Records contained in a dataset
<<<<

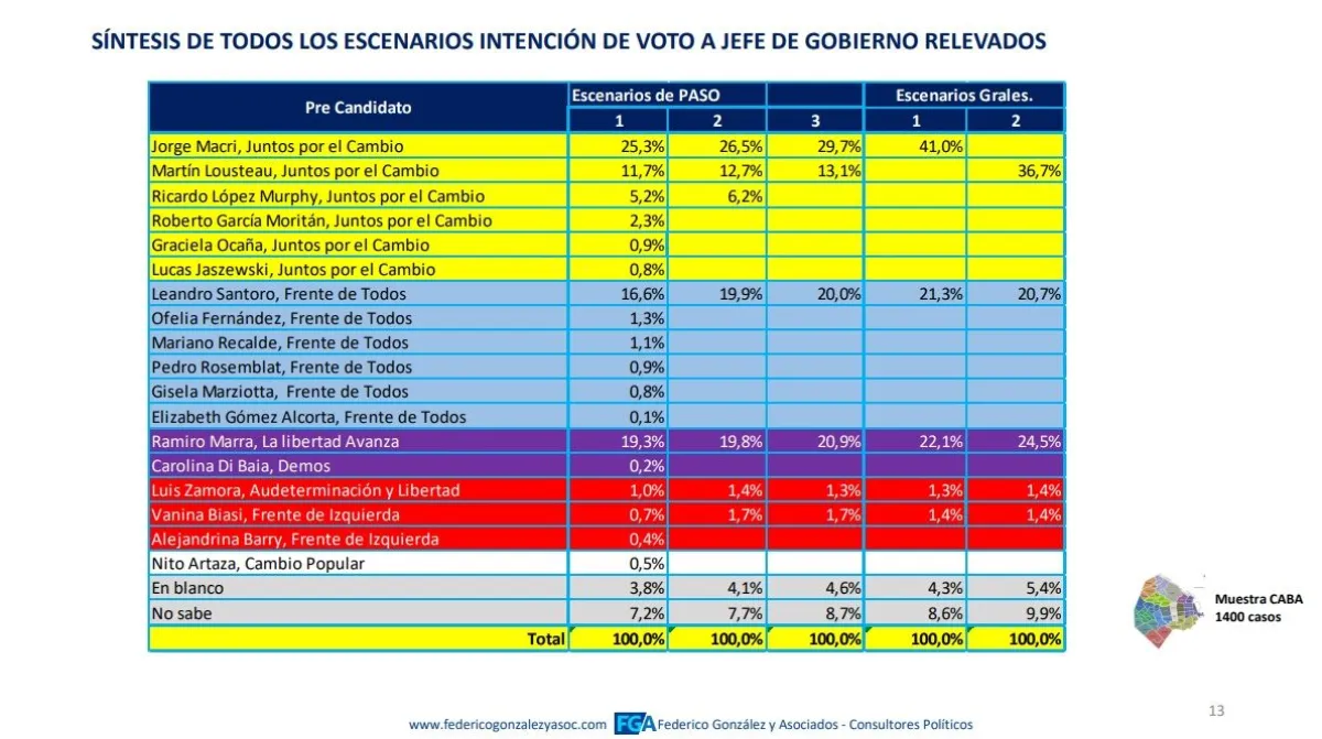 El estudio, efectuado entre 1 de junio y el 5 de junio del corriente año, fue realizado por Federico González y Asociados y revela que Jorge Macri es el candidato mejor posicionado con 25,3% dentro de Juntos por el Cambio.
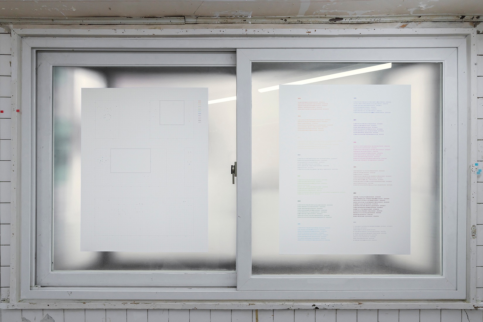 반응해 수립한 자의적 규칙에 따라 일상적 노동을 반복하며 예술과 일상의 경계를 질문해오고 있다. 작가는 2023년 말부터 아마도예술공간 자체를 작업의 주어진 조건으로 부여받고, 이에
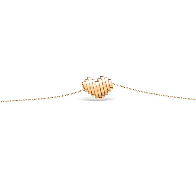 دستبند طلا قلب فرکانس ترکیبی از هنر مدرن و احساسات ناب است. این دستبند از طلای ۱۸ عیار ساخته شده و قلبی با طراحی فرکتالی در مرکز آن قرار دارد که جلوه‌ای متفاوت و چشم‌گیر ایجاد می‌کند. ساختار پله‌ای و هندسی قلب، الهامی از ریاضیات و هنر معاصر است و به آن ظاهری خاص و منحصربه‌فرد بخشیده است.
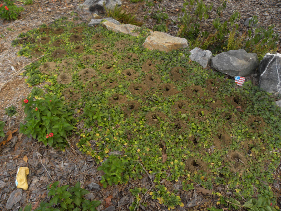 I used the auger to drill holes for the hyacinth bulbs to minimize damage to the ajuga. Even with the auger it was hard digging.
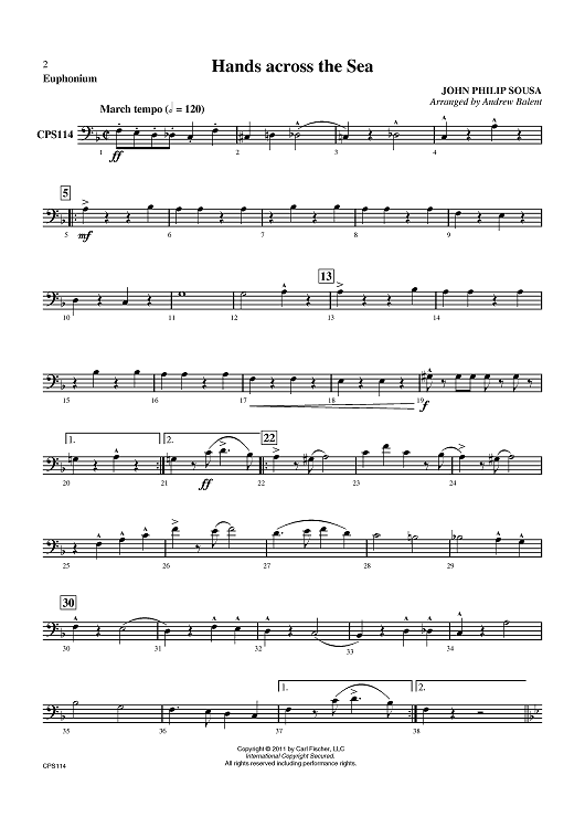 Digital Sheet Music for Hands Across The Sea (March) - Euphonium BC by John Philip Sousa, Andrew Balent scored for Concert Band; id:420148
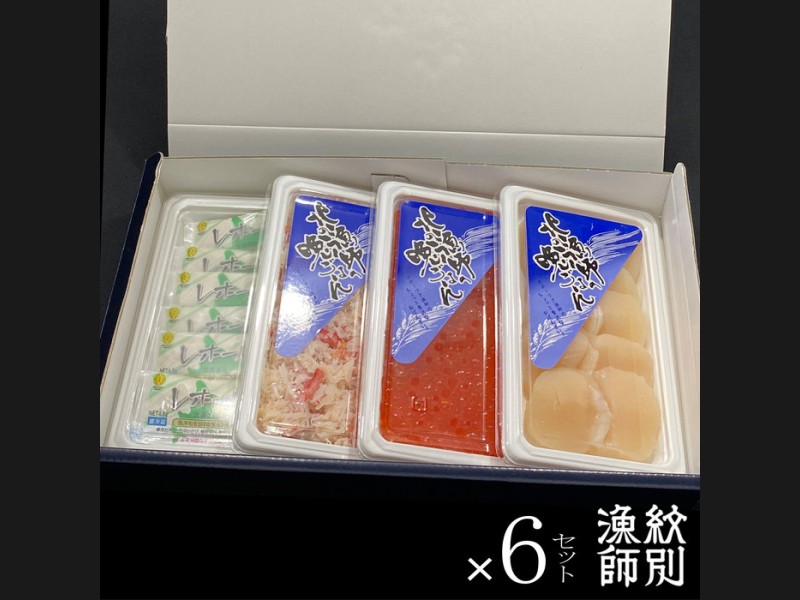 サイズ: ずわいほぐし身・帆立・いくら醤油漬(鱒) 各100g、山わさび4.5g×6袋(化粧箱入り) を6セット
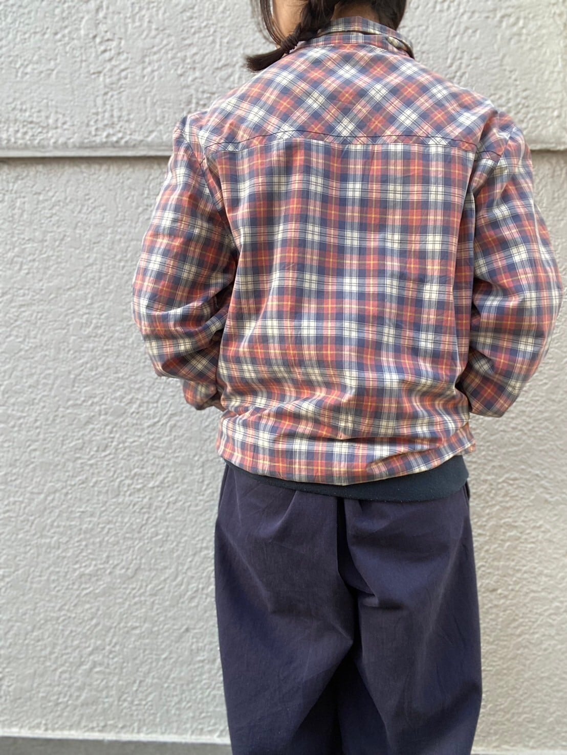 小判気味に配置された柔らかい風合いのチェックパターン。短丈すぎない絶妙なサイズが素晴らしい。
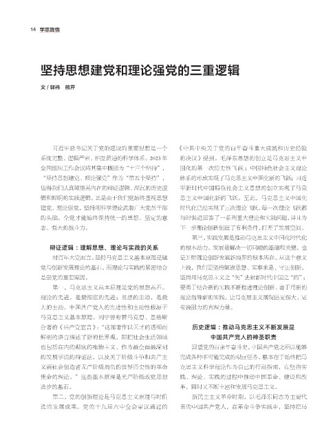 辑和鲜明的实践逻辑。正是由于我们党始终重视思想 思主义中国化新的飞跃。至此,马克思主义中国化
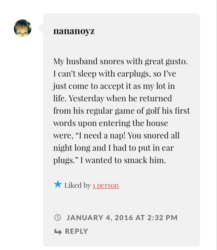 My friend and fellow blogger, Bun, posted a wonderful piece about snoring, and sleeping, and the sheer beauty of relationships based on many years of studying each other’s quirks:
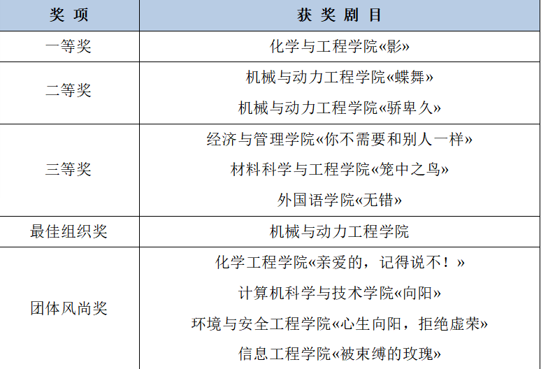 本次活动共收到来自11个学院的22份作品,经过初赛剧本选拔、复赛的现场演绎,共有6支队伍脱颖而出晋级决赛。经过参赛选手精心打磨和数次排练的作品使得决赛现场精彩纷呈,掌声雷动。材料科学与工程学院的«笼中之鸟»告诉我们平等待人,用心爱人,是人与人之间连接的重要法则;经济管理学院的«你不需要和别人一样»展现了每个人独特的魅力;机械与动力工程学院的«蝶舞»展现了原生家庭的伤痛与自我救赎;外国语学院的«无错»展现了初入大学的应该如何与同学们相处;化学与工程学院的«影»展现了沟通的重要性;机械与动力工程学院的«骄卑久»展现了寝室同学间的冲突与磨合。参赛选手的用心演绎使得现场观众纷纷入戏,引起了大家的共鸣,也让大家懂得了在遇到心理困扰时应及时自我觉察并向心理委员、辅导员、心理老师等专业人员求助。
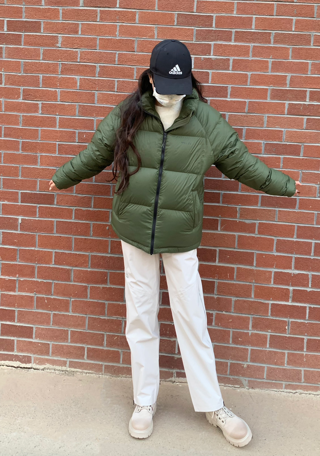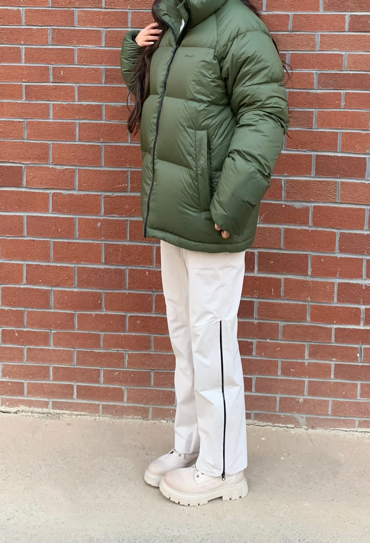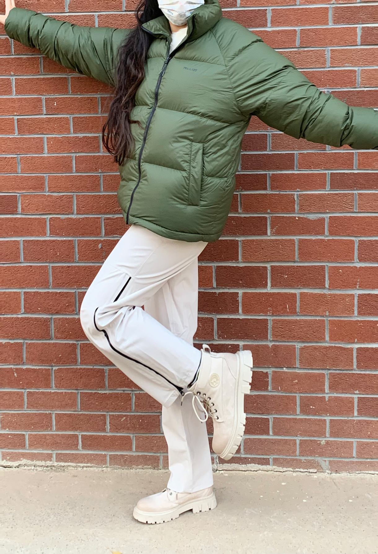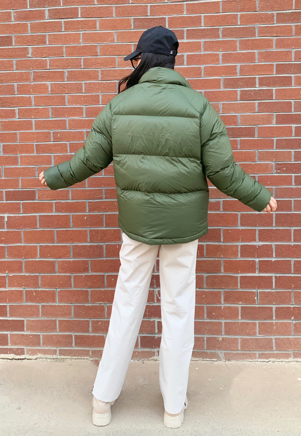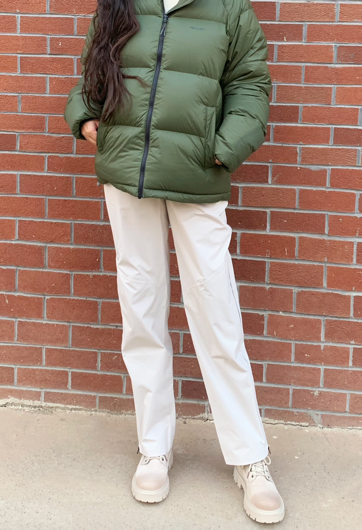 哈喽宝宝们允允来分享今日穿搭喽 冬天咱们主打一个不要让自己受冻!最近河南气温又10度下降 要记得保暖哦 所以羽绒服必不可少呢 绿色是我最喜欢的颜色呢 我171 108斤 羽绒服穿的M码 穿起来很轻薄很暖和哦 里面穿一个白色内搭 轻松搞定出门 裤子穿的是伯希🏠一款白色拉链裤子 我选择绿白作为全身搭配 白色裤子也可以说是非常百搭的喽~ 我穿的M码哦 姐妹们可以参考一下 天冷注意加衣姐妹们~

>>>>

*WHAT THE TASK ASKS*
For this exercise, the lines from the one containing "Digital Sheet Music" through the last line of the entries above are to be output exactly, both included, and pictures are skipped.

*TASK ANSWER*
 Digital Sheet Music for Hands Across The Sea (March) - Euphonium BC by John Philip Sousa, Andrew Balent scored for Concert Band; id:420148
 サイズ: ずわいほぐし身・帆立・いくら醤油漬(鱒) 各100g、山わさび4.5g×6袋(化粧箱入り) を6セット
 小判気味に配置された柔らかい風合いのチェックパターン。短丈すぎない絶妙なサイズが素晴らしい。
 辑和鲜明的实践逻辑。正是由于我们党始终重视思想 思主义中国化新的飞跃。至此,马克思主义中国化
 My friend and fellow blogger, Bun, posted a wonderful piece about snoring, and sleeping, and the sheer beauty of relationships based on many years of studying each other’s quirks:
 本次活动共收到来自11个学院的22份作品,经过初赛剧本选拔、复赛的现场演绎,共有6支队伍脱颖而出晋级决赛。经过参赛选手精心打磨和数次排练的作品使得决赛现场精彩纷呈,掌声雷动。材料科学与工程学院的«笼中之鸟»告诉我们平等待人,用心爱人,是人与人之间连接的重要法则;经济管理学院的«你不需要和别人一样»展现了每个人独特的魅力;机械与动力工程学院的«蝶舞»展现了原生家庭的伤痛与自我救赎;外国语学院的«无错»展现了初入大学的应该如何与同学们相处;化学与工程学院的«影»展现了沟通的重要性;机械与动力工程学院的«骄卑久»展现了寝室同学间的冲突与磨合。参赛选手的用心演绎使得现场观众纷纷入戏,引起了大家的共鸣,也让大家懂得了在遇到心理困扰时应及时自我觉察并向心理委员、辅导员、心理老师等专业人员求助。
 哈喽宝宝们允允来分享今日穿搭喽 冬天咱们主打一个不要让自己受冻!最近河南气温又10度下降 要记得保暖哦 所以羽绒服必不可少呢 绿色是我最喜欢的颜色呢 我171 108斤 羽绒服穿的M码 穿起来很轻薄很暖和哦 里面穿一个白色内搭 轻松搞定出门 裤子穿的是伯希🏠一款白色拉链裤子 我选择绿白作为全身搭配 白色裤子也可以说是非常百搭的喽~ 我穿的M码哦 姐妹们可以参考一下 天冷注意加衣姐妹们~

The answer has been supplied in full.